MATERIAL SHOWN:
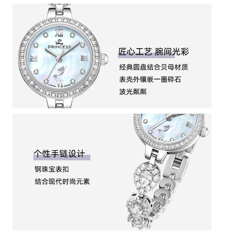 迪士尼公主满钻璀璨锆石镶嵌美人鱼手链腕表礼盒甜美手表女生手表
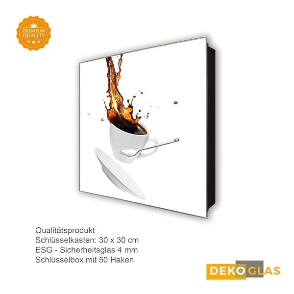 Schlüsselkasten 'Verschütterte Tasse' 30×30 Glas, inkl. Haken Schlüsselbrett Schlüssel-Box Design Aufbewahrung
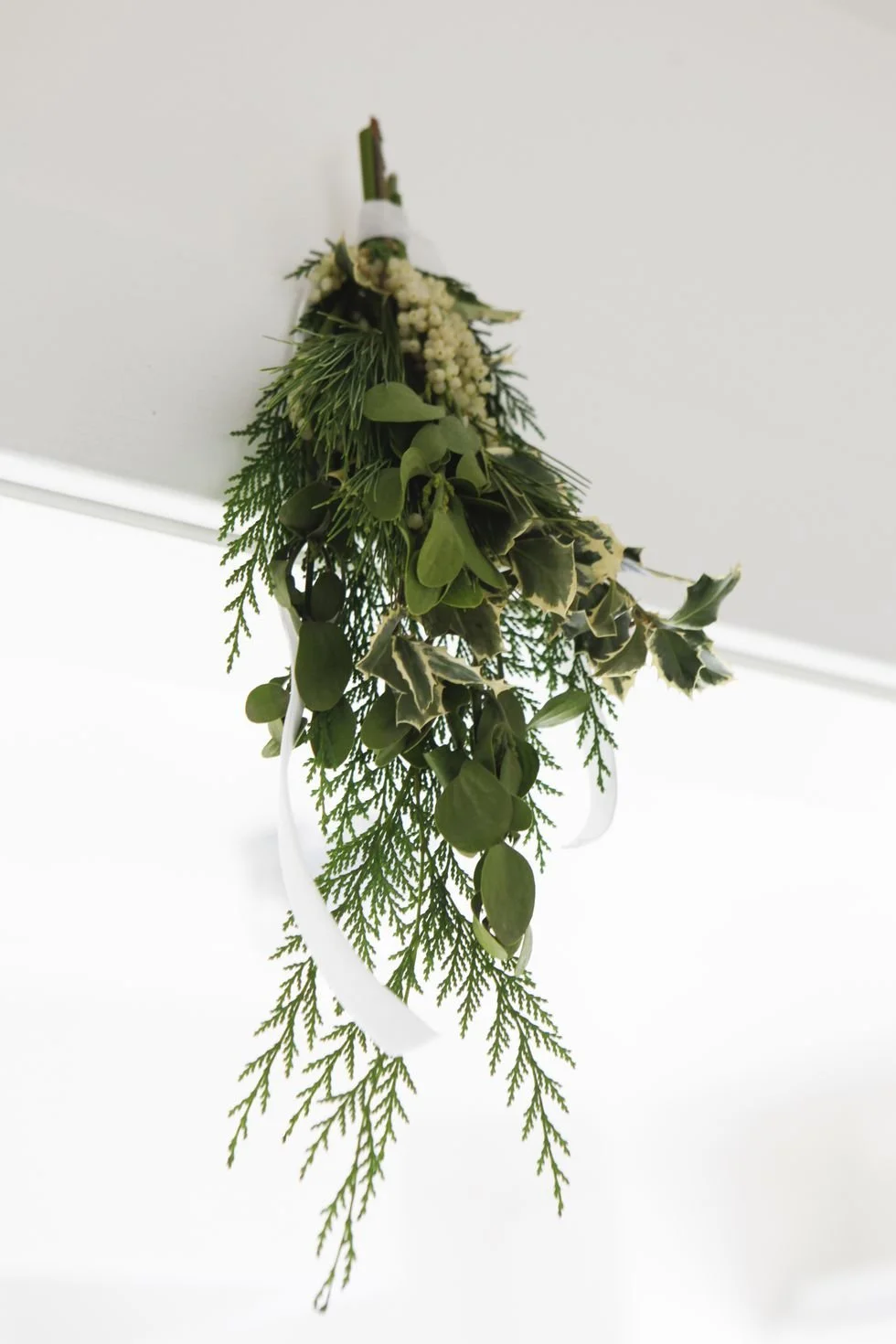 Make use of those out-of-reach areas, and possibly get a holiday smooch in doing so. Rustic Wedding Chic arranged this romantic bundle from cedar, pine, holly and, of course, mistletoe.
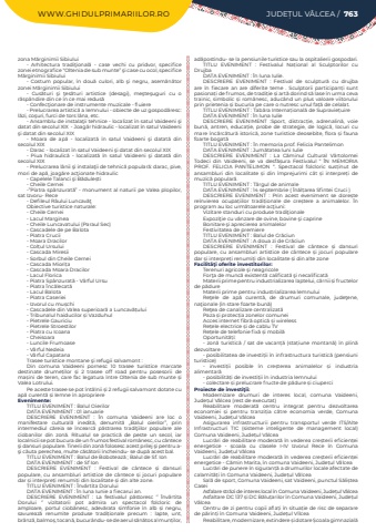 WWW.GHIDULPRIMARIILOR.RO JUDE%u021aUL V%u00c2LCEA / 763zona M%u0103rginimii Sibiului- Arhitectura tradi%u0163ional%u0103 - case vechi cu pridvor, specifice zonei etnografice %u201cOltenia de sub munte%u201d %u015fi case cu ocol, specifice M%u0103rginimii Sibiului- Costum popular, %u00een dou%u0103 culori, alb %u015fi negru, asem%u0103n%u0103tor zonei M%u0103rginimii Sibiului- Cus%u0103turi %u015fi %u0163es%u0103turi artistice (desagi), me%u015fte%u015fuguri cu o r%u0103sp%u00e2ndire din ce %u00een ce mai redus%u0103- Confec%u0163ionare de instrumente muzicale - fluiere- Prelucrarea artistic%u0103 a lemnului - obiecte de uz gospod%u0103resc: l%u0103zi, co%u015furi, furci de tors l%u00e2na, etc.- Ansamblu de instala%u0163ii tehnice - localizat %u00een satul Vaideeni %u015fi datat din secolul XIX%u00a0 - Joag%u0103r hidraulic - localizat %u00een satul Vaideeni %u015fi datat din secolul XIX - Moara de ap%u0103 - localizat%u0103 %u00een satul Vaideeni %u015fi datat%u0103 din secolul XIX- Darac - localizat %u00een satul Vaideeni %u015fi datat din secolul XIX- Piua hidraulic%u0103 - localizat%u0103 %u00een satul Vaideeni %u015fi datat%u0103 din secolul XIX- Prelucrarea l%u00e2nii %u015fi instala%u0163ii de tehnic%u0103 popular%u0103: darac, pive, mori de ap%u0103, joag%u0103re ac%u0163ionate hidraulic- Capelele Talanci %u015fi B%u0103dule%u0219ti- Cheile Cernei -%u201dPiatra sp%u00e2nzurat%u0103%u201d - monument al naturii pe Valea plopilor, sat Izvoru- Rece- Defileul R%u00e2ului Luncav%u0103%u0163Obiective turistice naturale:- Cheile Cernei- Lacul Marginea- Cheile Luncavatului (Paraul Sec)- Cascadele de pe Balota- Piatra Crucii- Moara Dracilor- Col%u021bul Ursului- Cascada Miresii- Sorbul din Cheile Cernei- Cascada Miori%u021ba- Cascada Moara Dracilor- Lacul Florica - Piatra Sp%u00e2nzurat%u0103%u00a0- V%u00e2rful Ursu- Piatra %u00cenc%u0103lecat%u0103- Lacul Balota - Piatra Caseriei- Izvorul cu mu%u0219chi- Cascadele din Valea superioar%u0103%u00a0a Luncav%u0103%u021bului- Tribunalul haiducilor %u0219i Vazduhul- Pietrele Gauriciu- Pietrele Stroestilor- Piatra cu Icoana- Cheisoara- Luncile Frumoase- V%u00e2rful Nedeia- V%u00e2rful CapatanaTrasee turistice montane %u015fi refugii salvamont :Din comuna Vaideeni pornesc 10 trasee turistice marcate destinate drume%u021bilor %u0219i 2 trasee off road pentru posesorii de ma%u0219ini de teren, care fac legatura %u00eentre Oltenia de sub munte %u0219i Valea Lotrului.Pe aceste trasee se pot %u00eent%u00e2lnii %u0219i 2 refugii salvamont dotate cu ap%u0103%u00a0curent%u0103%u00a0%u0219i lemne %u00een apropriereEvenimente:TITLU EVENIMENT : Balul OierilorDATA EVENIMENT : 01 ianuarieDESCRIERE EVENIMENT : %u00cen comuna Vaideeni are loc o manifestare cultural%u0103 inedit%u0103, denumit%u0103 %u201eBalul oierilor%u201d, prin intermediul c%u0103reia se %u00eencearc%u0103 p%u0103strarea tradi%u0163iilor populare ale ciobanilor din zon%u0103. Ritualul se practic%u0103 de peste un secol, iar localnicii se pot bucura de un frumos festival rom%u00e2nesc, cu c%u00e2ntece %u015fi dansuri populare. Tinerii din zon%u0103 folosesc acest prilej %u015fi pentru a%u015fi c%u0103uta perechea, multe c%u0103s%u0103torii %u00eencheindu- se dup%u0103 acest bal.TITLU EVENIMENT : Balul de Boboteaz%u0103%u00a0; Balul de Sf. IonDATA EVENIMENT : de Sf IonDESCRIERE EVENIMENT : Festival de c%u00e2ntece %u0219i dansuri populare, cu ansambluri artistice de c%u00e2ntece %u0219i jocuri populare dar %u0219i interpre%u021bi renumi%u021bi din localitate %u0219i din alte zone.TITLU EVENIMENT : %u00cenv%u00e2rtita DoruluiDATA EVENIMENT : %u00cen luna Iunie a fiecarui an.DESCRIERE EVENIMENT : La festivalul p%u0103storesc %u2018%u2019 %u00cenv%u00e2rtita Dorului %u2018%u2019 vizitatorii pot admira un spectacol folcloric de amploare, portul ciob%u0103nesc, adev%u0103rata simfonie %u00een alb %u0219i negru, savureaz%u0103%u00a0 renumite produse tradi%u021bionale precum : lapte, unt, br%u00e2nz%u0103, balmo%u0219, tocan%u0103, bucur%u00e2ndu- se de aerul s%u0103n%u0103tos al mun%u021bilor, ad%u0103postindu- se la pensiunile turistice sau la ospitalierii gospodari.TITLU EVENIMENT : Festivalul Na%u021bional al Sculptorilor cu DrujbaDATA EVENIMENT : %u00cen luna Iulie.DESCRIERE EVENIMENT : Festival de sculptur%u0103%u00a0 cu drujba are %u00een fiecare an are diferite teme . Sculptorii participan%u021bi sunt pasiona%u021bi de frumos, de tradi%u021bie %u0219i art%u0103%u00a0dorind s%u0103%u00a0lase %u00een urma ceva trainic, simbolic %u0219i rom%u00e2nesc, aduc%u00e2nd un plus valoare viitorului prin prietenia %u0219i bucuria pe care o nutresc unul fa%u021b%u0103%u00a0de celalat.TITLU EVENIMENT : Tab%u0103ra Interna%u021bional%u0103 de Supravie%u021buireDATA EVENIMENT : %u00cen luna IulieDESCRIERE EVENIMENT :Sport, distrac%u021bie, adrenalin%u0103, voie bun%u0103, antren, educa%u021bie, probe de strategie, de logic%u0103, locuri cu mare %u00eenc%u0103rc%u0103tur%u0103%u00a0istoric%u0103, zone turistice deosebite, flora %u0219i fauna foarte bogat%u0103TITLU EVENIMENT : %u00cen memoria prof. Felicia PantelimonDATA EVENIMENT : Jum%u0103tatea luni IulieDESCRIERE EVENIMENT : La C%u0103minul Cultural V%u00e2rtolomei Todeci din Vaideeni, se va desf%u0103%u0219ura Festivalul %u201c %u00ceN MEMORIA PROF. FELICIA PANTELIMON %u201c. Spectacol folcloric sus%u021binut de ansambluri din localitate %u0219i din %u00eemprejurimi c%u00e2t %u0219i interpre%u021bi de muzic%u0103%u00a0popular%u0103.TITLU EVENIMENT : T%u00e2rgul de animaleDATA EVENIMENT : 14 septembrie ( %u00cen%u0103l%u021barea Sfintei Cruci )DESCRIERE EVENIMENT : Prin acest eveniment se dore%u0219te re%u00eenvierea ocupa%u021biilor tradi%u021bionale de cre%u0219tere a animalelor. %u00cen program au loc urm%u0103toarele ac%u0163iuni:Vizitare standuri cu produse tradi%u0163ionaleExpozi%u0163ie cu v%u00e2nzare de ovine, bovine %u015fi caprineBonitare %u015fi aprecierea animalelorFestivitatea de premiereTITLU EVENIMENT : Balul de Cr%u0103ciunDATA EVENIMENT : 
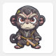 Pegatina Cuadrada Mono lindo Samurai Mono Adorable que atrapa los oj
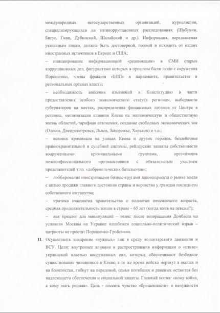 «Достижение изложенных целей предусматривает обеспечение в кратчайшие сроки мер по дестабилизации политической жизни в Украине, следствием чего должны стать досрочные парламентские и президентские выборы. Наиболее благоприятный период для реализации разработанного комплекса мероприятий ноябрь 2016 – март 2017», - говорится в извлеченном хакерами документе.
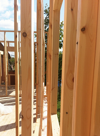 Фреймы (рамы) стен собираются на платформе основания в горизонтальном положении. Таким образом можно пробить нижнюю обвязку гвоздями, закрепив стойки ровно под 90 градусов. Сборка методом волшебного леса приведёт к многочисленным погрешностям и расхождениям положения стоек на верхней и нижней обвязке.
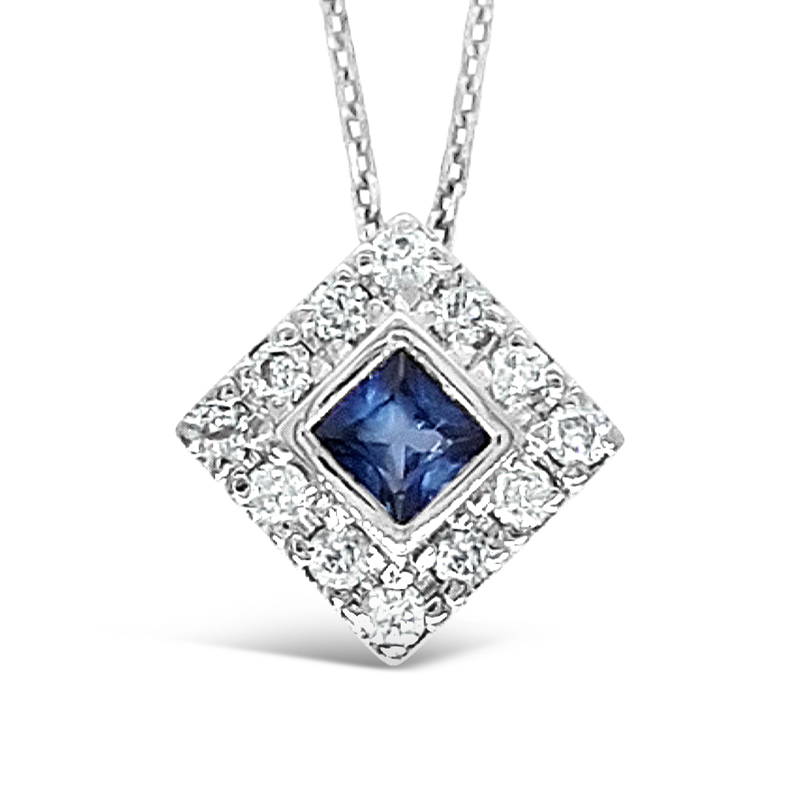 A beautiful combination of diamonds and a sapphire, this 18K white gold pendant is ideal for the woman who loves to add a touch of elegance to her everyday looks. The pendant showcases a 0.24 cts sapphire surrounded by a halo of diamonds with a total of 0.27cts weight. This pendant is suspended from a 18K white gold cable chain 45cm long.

ASSIGNMENT: Please quote the lines of the material, beginning with the first and ending with the one that contains "Make use of", exactly as written and without any pictures.

RESPONSE BOX:
 迪士尼公主满钻璀璨锆石镶嵌美人鱼手链腕表礼盒甜美手表女生手表
 Schlüsselkasten 'Verschütterte Tasse' 30×30 Glas, inkl. Haken Schlüsselbrett Schlüssel-Box Design Aufbewahrung
 Make use of those out-of-reach areas, and possibly get a holiday smooch in doing so. Rustic Wedding Chic arranged this romantic bundle from cedar, pine, holly and, of course, mistletoe.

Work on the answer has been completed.